OK! Now we've got our neural network. Please note that, of course, Python has built in neural network libraries, so generally speaking wo don't need to build a neural network from scratch. 

Alright, let's set the number of training iterations we want to use, a.k.a "epochs".

In [None]:
n_epochs = 200

Finally, we'll run our neural network on our training data. *Warning* - This can take a minute.

In [None]:
nn = NeuralNetMLP(n_hidden=100, 
                  l2=0.01, 
                  epochs=n_epochs, 
                  eta=0.0005,
                  minibatch_size=100, 
                  shuffle=True,
                  seed=1)

nn.fit(X_train=X_train[:55000], 
       y_train=y_train[:55000],
       X_valid=X_train[55000:],
       y_valid=y_train[55000:])

We can graph the performance of this neural network over the 200 iterations:

In [None]:
plt.plot(range(nn.epochs), nn.eval_['cost'])
plt.ylabel('Cost')
plt.xlabel('Epochs')
plt.show()

We can also look at how the model performed on the training dataset compared with the validation dataset.

In [None]:
plt.plot(range(nn.epochs), nn.eval_['train_acc'], 
         label='Training')
plt.plot(range(nn.epochs), nn.eval_['valid_acc'], 
         label='Validation', linestyle='--')
plt.ylabel('Accuracy')
plt.xlabel('Epochs')
plt.legend(loc='lower right')
plt.show()

So, it looks like it legitimately gets better bor about the first 50 epochs or so, but then it just gets better at predicting the training data, although it doesn't look like that introduces significant overfitting issues.

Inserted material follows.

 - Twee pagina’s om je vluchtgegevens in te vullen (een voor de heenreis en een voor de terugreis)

Alright, now for the final test we can look at how it does on the holdout test data.

In [None]:
y_test_pred = nn.predict(X_test)
acc = (np.sum(y_test == y_test_pred)
       .astype(np.float) / X_test.shape[0])

print('Test accuracy: %.2f%%' % (acc * 100))

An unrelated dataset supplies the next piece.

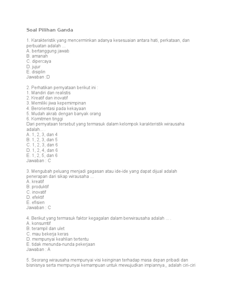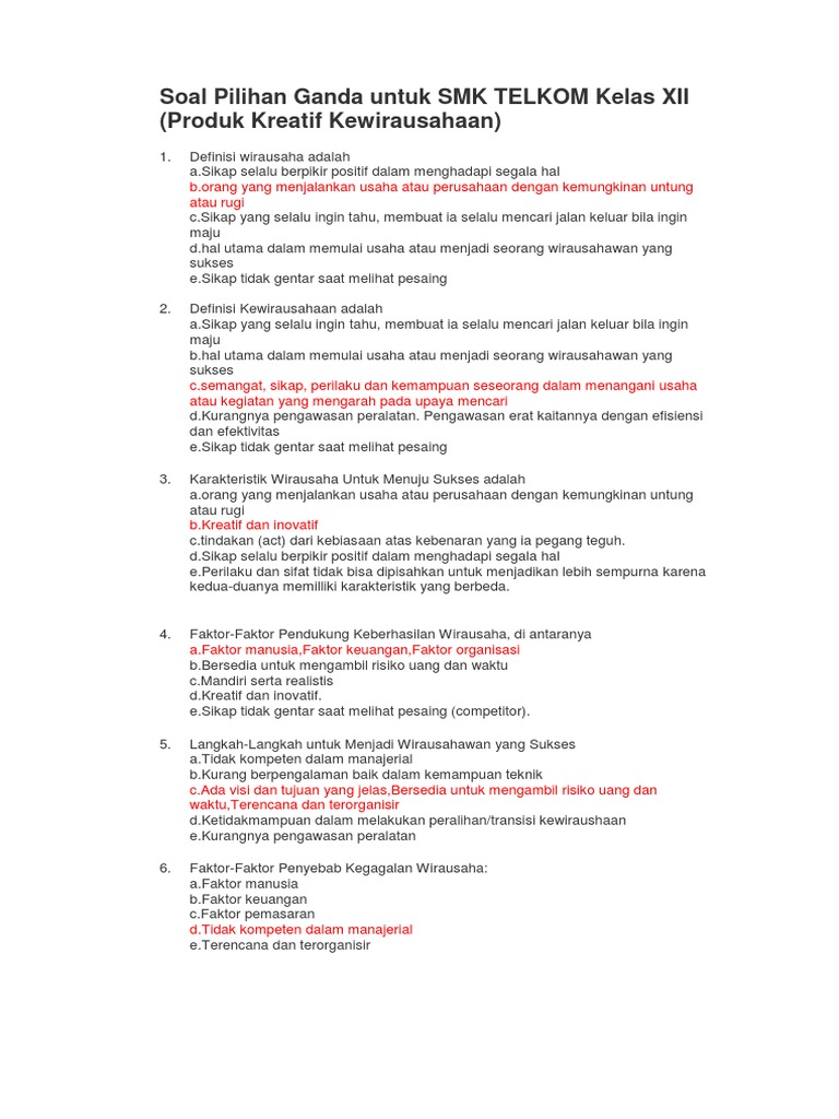 1 response to soal pilihan ganda dan jawaban pkk 4produk kreatif dan kewirausahaan peluang usaha produk barang jasa unknown 26 february 2020 at 0608 soal dan jawaban nggak ada yang sesuai dengan buku. Soal uts kwu pilihan ganda kunci jawaban kelas xii soal uts 1 kewirausahaan kelas xii smk semester 1 ta 20172018.

Pretty good! Are you curious about the ones that it missed? Well, we can check those out. Let's take a look at the first 25.

In [None]:
miscl_img = X_test[y_test != y_test_pred][:25]
correct_lab = y_test[y_test != y_test_pred][:25]
miscl_lab = y_test_pred[y_test != y_test_pred][:25]

fig, ax = plt.subplots(nrows=5, ncols=5, sharex=True, sharey=True)
ax = ax.flatten()
for i in range(25):
    img = miscl_img[i].reshape(28, 28)
    ax[i].imshow(img, cmap='Greys', interpolation='nearest')
    ax[i].set_title('%d) t: %d p: %d' % (i+1, correct_lab[i], miscl_lab[i]))

ax[0].set_xticks([])
ax[0].set_yticks([])
plt.tight_layout()
plt.show()

Honestly, I can see how it missed some of these. I'm not entirely sure whether 19 is a 4 or a 9, whether 21 is a 2 or a 7, or whether 23 is an 8 or a 9. So, I think the model is getting pretty close to human performance, which will not be perfect. In fact, the dream of a perfect model probably isn't achieveably under any cincumstance, because of inconsistencies in how the data is labeled.